START Information supplied
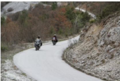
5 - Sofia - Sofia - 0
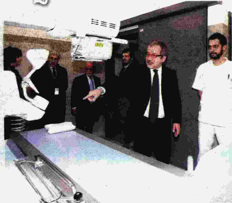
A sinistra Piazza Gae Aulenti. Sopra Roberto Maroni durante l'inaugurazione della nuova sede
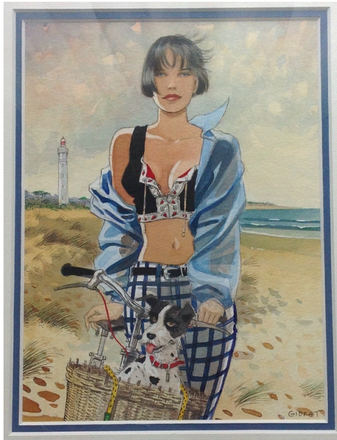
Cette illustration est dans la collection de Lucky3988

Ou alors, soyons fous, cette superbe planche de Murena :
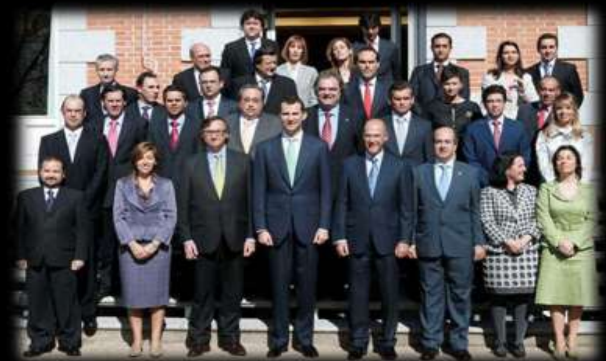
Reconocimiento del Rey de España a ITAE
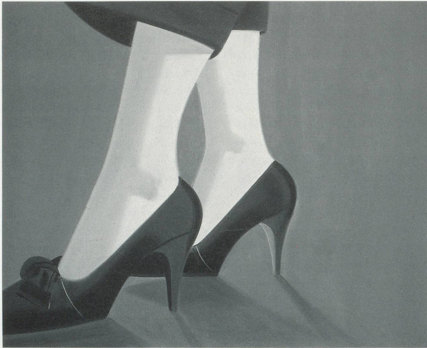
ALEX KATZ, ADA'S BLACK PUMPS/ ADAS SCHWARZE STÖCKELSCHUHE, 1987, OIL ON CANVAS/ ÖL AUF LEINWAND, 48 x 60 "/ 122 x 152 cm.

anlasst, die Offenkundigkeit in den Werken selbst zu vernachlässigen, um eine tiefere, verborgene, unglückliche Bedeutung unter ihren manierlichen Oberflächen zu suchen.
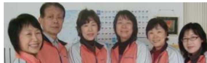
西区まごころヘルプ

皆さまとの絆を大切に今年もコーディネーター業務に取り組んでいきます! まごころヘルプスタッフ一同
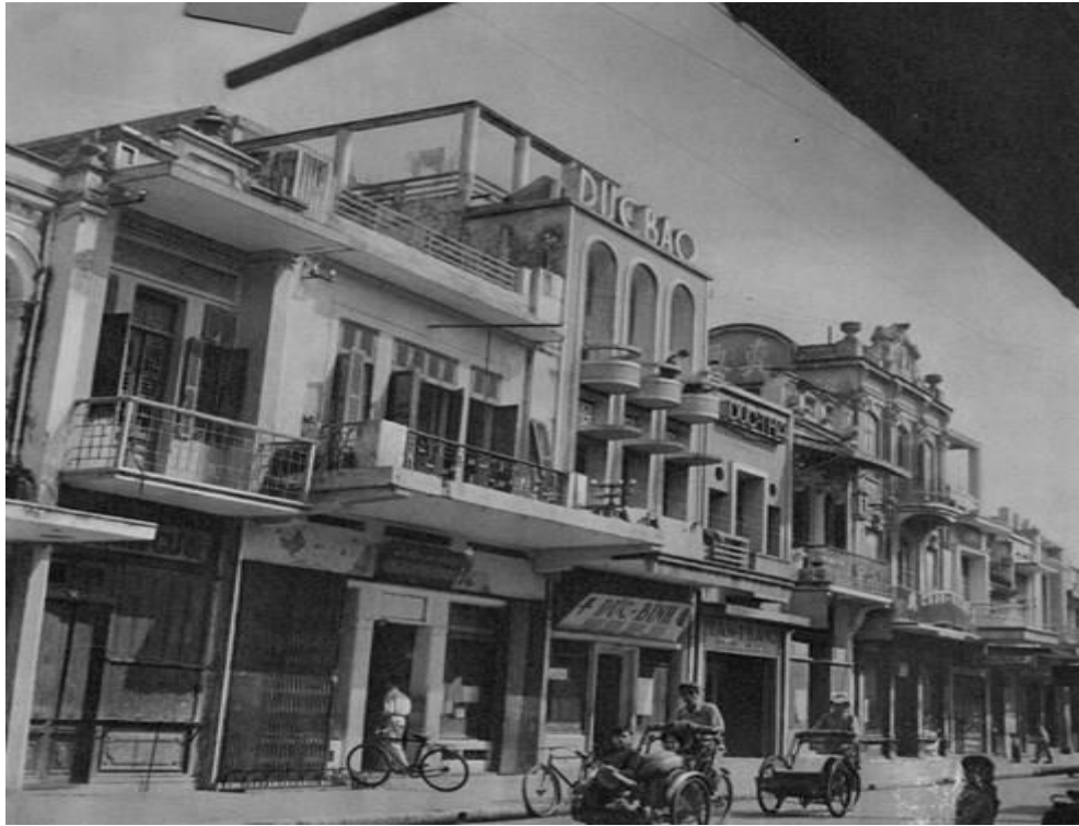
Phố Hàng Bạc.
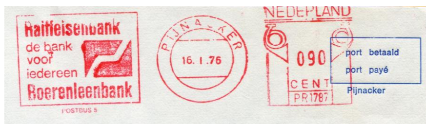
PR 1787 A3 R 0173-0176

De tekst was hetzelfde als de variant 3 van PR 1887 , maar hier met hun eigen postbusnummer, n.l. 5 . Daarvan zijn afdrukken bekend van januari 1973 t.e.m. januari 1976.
END Information supplied
* **Exercise goal**
Set down the entries above again exactly, minus any image.

* **Answer section**
5 - Sofia - Sofia - 0
A sinistra Piazza Gae Aulenti. Sopra Roberto Maroni durante l'inaugurazione della nuova sede
Cette illustration est dans la collection de Lucky3988

Ou alors, soyons fous, cette superbe planche de Murena :
Reconocimiento del Rey de España a ITAE
ALEX KATZ, ADA'S BLACK PUMPS/ ADAS SCHWARZE STÖCKELSCHUHE, 1987, OIL ON CANVAS/ ÖL AUF LEINWAND, 48 x 60 "/ 122 x 152 cm.

anlasst, die Offenkundigkeit in den Werken selbst zu vernachlässigen, um eine tiefere, verborgene, unglückliche Bedeutung unter ihren manierlichen Oberflächen zu suchen.
西区まごころヘルプ

皆さまとの絆を大切に今年もコーディネーター業務に取り組んでいきます! まごころヘルプスタッフ一同
Phố Hàng Bạc.
PR 1787 A3 R 0173-0176

De tekst was hetzelfde als de variant 3 van PR 1887 , maar hier met hun eigen postbusnummer, n.l. 5 . Daarvan zijn afdrukken bekend van januari 1973 t.e.m. januari 1976.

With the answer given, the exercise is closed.